Mudanças de estilo de vida individuais podem não ser suficientes para suspender a redução da qualidade dos espermatozoides. Mas evidências cada vez maiores indicam que existe uma ameaça ambiental muito mais ampla: os poluentes tóxicos.
Planeta tóxico
A investigação da cientista Rebecca Blanchard concentrou-se nas substâncias encontradas nos plásticos, retardadores de chamas e produtos domésticos comuns. Algumas dessas substâncias foram proibidas, mas ainda se mantêm no meio ambiente ou em produtos mais antigos.
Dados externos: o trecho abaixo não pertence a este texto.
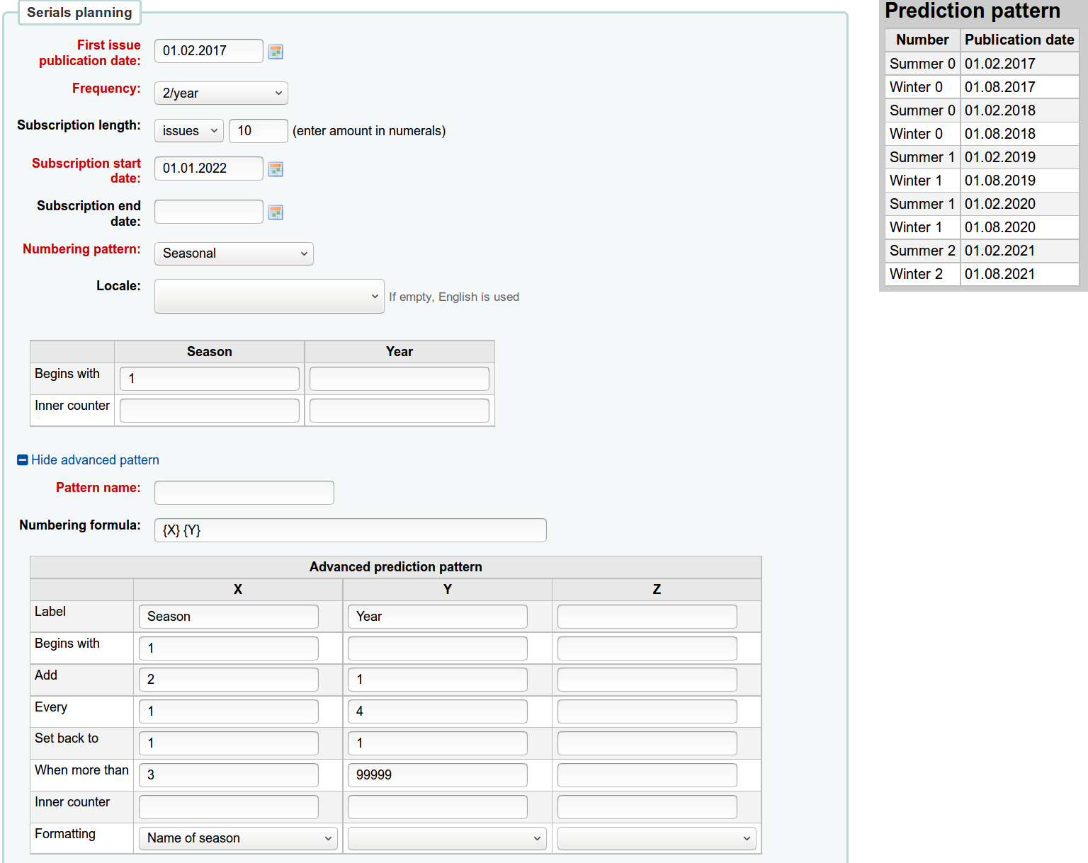 The seasonal pattern for a 2x a year frequency does not work as expected. When using a serial that is a Summer & Winter frequency. If starting the serial with the Summer Issue, setting the last value and inner counter will only default to a Spring start in the test pattern. Setting the last value as any season, will still default to a spring start to the test pattern. The test pattern will adjust after the first two issues- Spring Fall, Summer, Winter, Summer, Winter, etc - but Koha insists on starting this pattern with Spring.
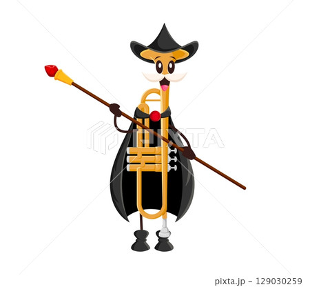 Cartoon trumpet Halloween mage and wizard character, fantasy musical wind instrument wears black witch hat and cape holing magical staff in hands. Isolated vector horn woodwind music pipe personage

Os estudos de Blanchard revelaram que essas substâncias podem prejudicar os nossos sistemas hormonais e prejudicar a fertilidade dos cães e dos homens.
Fragmentação do ADN nos espermatozoides designa lesões ou quebras do material genético do espermatozoide. O seu impacto pode ir além da conceção – quanto maiores forem os níveis de fragmentação do ADN, mais casos de aborto espontâneo ocorrem durante a gestação.
As descobertas de Blanchard confirmam outros estudos que demonstram os prejuízos à fertilidade causados por substâncias encontradas em plásticos, medicamentos domésticos, na cadeia alimentar e no ar. Elas prejudicam os homens, as mulheres e até os bebés.
As alterações climáticas também podem prejudicar a fertilidade masculina. Diversos estudos em animais indicam que os espermatozoides são especialmente vulneráveis aos efeitos do aumento das temperaturas.
Já se demonstrou que ondas de calor causam prejuízos aos espermatozoides em insetos e impactos similares foram observados em seres humanos.
Um estudo de 2022 concluiu que o calor – devido ao aquecimento global ou durante o trabalho em ambientes de alta temperatura – prejudica a qualidade dos espermatozoides.